My laughter is the uncomfortable laughter of a woman who emerged from the ladies' room two hours ago into a crowded room and has only just discovered that her skirt is tucked up in her knickers. I'm feeling a little exposed.




1. The moral dilemma was solved when the students took care of him themselves by complaining en masse several months later. He 'voluntarily' resigned his tenure. (Another tenured professor at the same university was a known bigamist but apparently that was not considered sufficient grounds for firing him. As far as I know he is still there.)

Sunday, March 06, 2005

Hoist on my own petard

I was horrified, fascinated, concerned, and aghast. And then I got to the end.

What a ride!


(What is a petard, anyway?)

Saturday, March 05, 2005

Blog words

I've just been browsing through blogs, and I have some questions.

1. Why are so many people searching for their identity? I always keep mine in my wallet, but I'm hardly ever asked for it anyway. Is it really that important?

2. Why are so many of you just? Just a mother. Just another 18-year-old sex-crazed student. How come you think so little of yourself, but then expect us to be interested in what you say?

3. Why is your blog full of random thoughts? Are they really random? How do you know? Also, why do you want to rant and rave? I found somebody who ruminated, so perhaps we are collectively reaching the end of the R section of the dictionary. Also, quite a few of you muse. I guess yours were earlier blogs and you hadn't got to the Rs yet.

Some of you write very well, I should add. I don't notice anything particularly random (except for the occasional spelling). You do not rant, rave, muse, or ruminate. Why do you claim that you do? I don't get it.

4. Why are so many of your lives insane, crazy, lunatic or at least not normal. Why? You even seem proud of it. What's wrong with being normal, like me?

5. Also, why do you need to vent? Do you have a malfunctioning valve?

6. If you must insist on telling me all about everything you did today (and don't warn me in advance that it was boring so that I can stop reading) at least try to make it a good read. Today I read something like this:

This morning I overslept the alarm by 5 minutes and got up in a hurry and had breakfast. While I was eating breakfast, the dog farted. Oh, gross. Then I had a shower and changed my clothes...

Stop right there. Let me show you how it's done.

This morning at breakfast time the dog farted. He was standing with his bum up against the gas stove and the resulting explosion took out most of the kitchen. I was not hurt aside from ending up with my head wedged in the cookie jar.

This did not actually happen, you understand, but it could have, if we had a gas stove. As it was we merely had to evacuate the kitchen.

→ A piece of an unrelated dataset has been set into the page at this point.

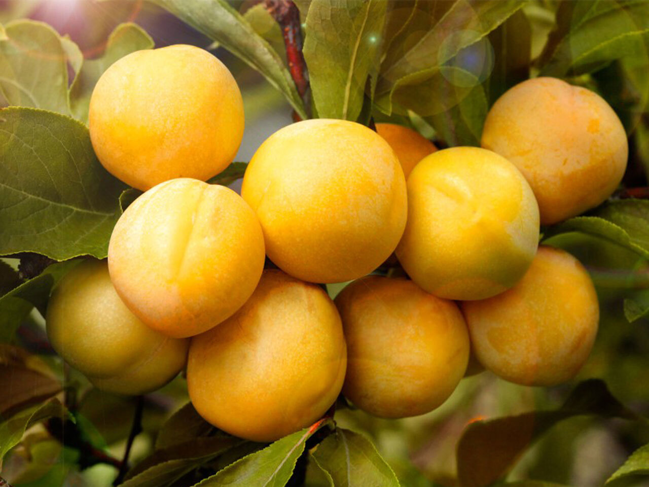 Плоды вышесреднего, желтые, среднесочные, приятного вкуса с абрикосовым ароматом. Косточка почти отделяемая.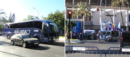 Bussen med Málaga CFs spillerne ankommer med politieskorte og modtages af tusinder fans i ekstase

And that's enough, really. You do not need to write about the rest of your day, especially as you say at the end of your one very, very long paragraph that it was boring. (That should have been at the beginning, by the way.) You could even skip the second paragraph. On the Internet nobody knows you're lying, and at least you'll make us laugh. (On the Internet everybody laughs at other people's horrible accidents.)

Speaking of farts, this morning at sparrowfart I asked The Man whether he thought sparrows do actually fart. He looked at me for a moment and closed his eyes.

"Fuck off," he mumbled.

I gathered that he wasn't quite ready to wake up yet.

The other day we were talking about swearing in another language and how it never feels quite as bad as swearing in your own language. We also talked about how in the movies people swear all the time, and, I'm told, in real life, too. (I do not swear, of course, and I do not associate with people who do.)(Well, maybe a few of them do, but only sometimes.)(And maybe I do too, but only sometimes.) I told him that I thought it was silly to swear all the time, because if you say "Fuck off" every time you really just mean "Can we talk later?" eventually it starts meaning, "Can we talk later?" and loses its shock value.

The Man looked interested. "Really?" he said, and decided to experiment with this idea.

As I drifted back to sleep this morning I reflected that in a very short while his experiment is going to stop being funny.


I had a boring day today. Nothing much happened.